• TASK
Starting at the line containing "El documento describe" and ending at the line containing "METAL: Silver or", transcribe the listing below exactly. Keep both end lines, skip the pictures, and copy nothing else.

• MATERIALS PROVIDED
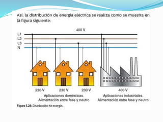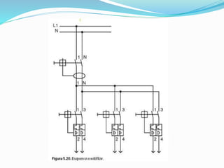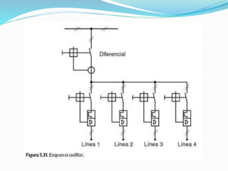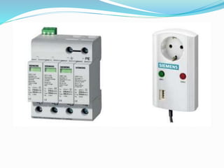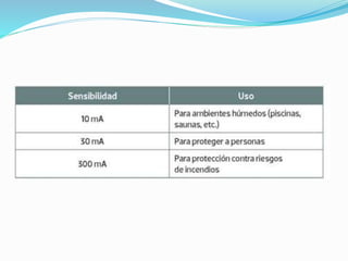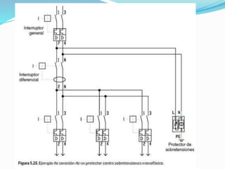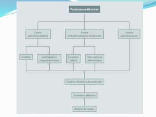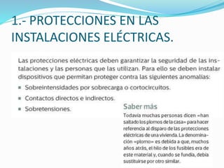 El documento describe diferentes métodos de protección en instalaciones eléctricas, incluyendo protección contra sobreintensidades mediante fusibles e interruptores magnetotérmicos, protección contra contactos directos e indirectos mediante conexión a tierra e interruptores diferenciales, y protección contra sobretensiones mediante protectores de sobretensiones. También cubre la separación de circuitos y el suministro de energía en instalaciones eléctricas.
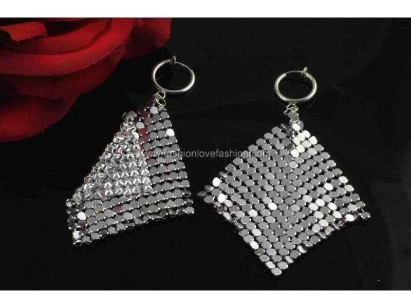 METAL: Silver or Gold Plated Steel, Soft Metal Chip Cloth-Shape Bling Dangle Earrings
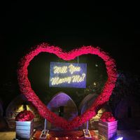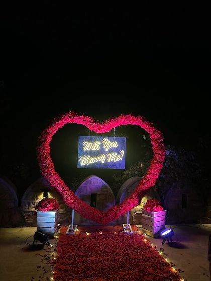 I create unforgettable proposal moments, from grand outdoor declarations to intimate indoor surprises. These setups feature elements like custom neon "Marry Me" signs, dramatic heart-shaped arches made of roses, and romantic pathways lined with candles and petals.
---
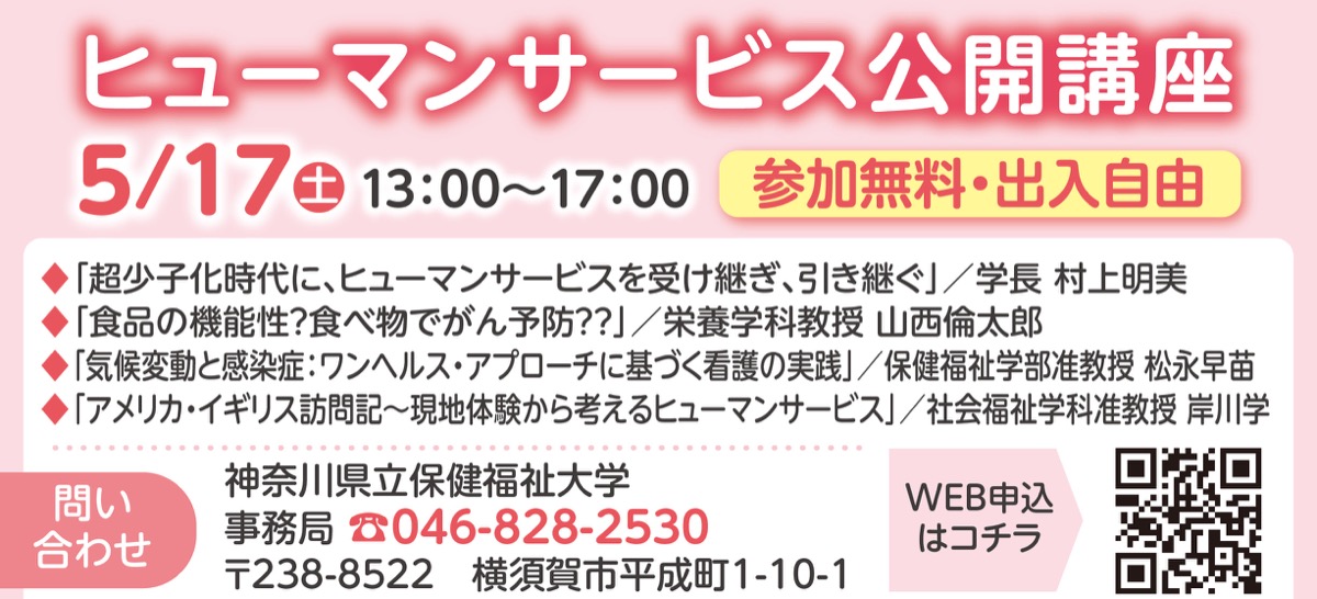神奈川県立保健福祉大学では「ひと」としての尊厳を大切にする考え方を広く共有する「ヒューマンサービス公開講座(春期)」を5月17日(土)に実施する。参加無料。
--
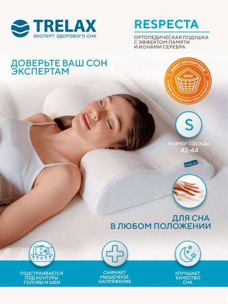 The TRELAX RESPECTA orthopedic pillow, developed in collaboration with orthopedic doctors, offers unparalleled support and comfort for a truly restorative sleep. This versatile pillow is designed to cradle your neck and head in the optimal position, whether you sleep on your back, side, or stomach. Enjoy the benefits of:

• SOLUTION FOR THIS EXERCISE
 El documento describe diferentes métodos de protección en instalaciones eléctricas, incluyendo protección contra sobreintensidades mediante fusibles e interruptores magnetotérmicos, protección contra contactos directos e indirectos mediante conexión a tierra e interruptores diferenciales, y protección contra sobretensiones mediante protectores de sobretensiones. También cubre la separación de circuitos y el suministro de energía en instalaciones eléctricas.
 METAL: Silver or Gold Plated Steel, Soft Metal Chip Cloth-Shape Bling Dangle Earrings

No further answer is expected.